● **Items from a dataset**:
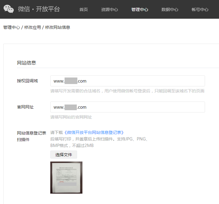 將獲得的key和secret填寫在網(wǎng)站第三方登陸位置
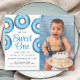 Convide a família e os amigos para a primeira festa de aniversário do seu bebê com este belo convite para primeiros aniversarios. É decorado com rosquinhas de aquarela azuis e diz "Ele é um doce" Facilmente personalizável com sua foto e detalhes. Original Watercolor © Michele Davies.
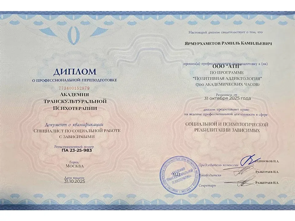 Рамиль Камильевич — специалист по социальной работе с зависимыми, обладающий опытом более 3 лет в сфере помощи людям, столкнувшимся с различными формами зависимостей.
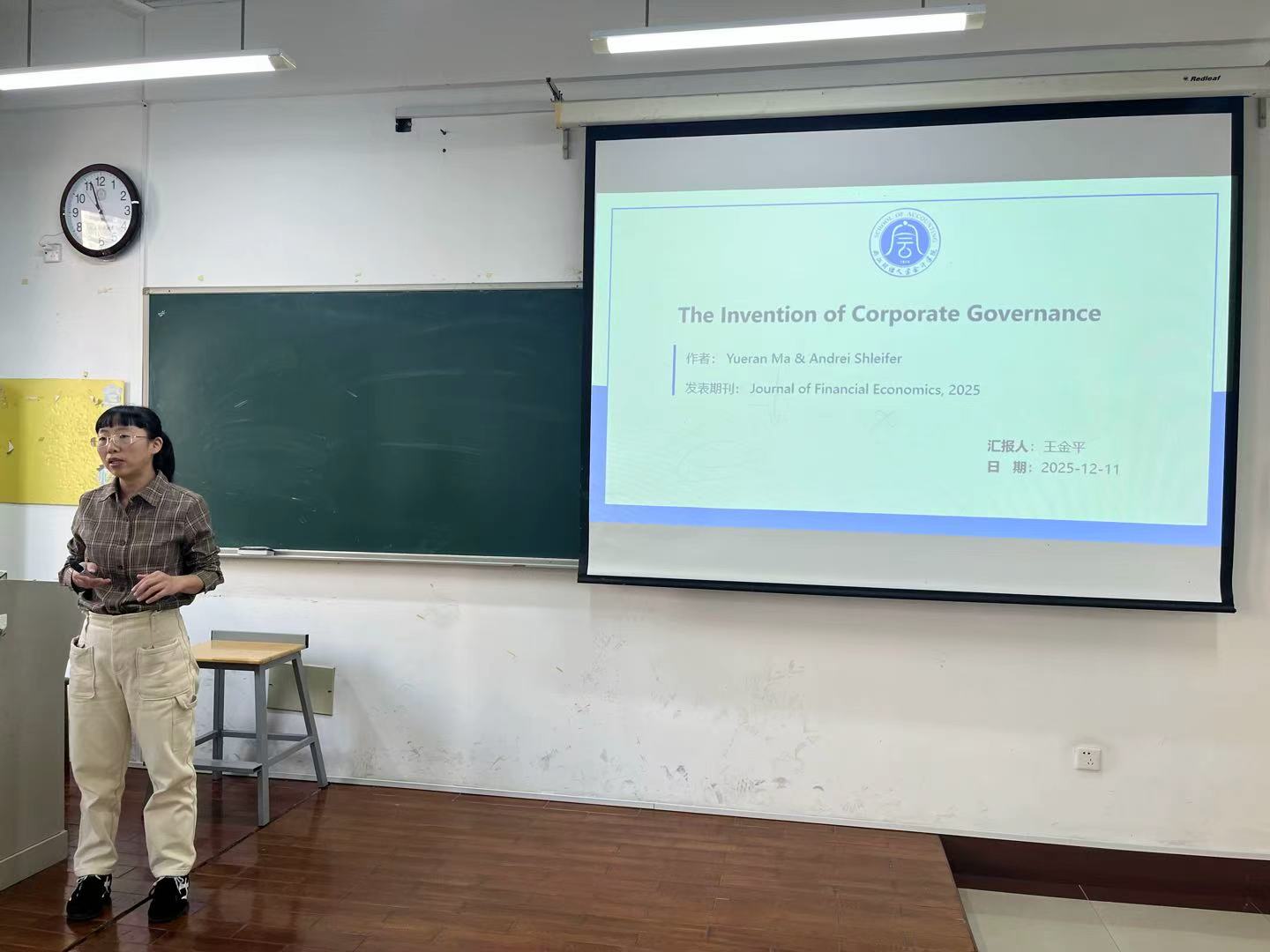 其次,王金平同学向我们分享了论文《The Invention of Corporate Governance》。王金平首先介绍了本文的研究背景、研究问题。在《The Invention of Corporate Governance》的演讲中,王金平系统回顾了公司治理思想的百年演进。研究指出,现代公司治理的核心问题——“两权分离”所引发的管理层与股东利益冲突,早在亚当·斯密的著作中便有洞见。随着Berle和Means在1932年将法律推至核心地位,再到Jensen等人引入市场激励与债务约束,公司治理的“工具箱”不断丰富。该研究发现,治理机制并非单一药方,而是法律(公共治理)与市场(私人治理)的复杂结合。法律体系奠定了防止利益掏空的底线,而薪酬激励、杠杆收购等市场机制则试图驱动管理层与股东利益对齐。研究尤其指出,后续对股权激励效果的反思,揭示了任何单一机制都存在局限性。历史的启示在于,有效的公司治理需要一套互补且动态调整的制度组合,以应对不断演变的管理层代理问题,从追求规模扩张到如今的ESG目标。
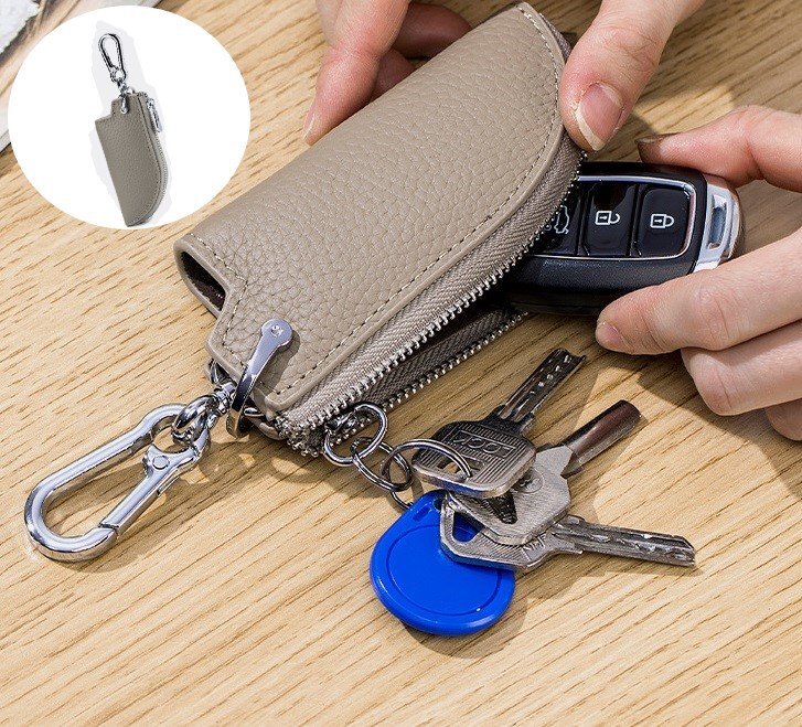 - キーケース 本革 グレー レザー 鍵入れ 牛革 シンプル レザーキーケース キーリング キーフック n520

● **Problem requirements**:
What is needed is a word-for-word repeat of every line from the line with "Convide a família" to the end of the entries above; leave out the pictures.

● **Result of the exercise**:
 Convide a família e os amigos para a primeira festa de aniversário do seu bebê com este belo convite para primeiros aniversarios. É decorado com rosquinhas de aquarela azuis e diz "Ele é um doce" Facilmente personalizável com sua foto e detalhes. Original Watercolor © Michele Davies.
 Рамиль Камильевич — специалист по социальной работе с зависимыми, обладающий опытом более 3 лет в сфере помощи людям, столкнувшимся с различными формами зависимостей.
 其次,王金平同学向我们分享了论文《The Invention of Corporate Governance》。王金平首先介绍了本文的研究背景、研究问题。在《The Invention of Corporate Governance》的演讲中,王金平系统回顾了公司治理思想的百年演进。研究指出,现代公司治理的核心问题——“两权分离”所引发的管理层与股东利益冲突,早在亚当·斯密的著作中便有洞见。随着Berle和Means在1932年将法律推至核心地位,再到Jensen等人引入市场激励与债务约束,公司治理的“工具箱”不断丰富。该研究发现,治理机制并非单一药方,而是法律(公共治理)与市场(私人治理)的复杂结合。法律体系奠定了防止利益掏空的底线,而薪酬激励、杠杆收购等市场机制则试图驱动管理层与股东利益对齐。研究尤其指出,后续对股权激励效果的反思,揭示了任何单一机制都存在局限性。历史的启示在于,有效的公司治理需要一套互补且动态调整的制度组合,以应对不断演变的管理层代理问题,从追求规模扩张到如今的ESG目标。
 - キーケース 本革 グレー レザー 鍵入れ 牛革 シンプル レザーキーケース キーリング キーフック n520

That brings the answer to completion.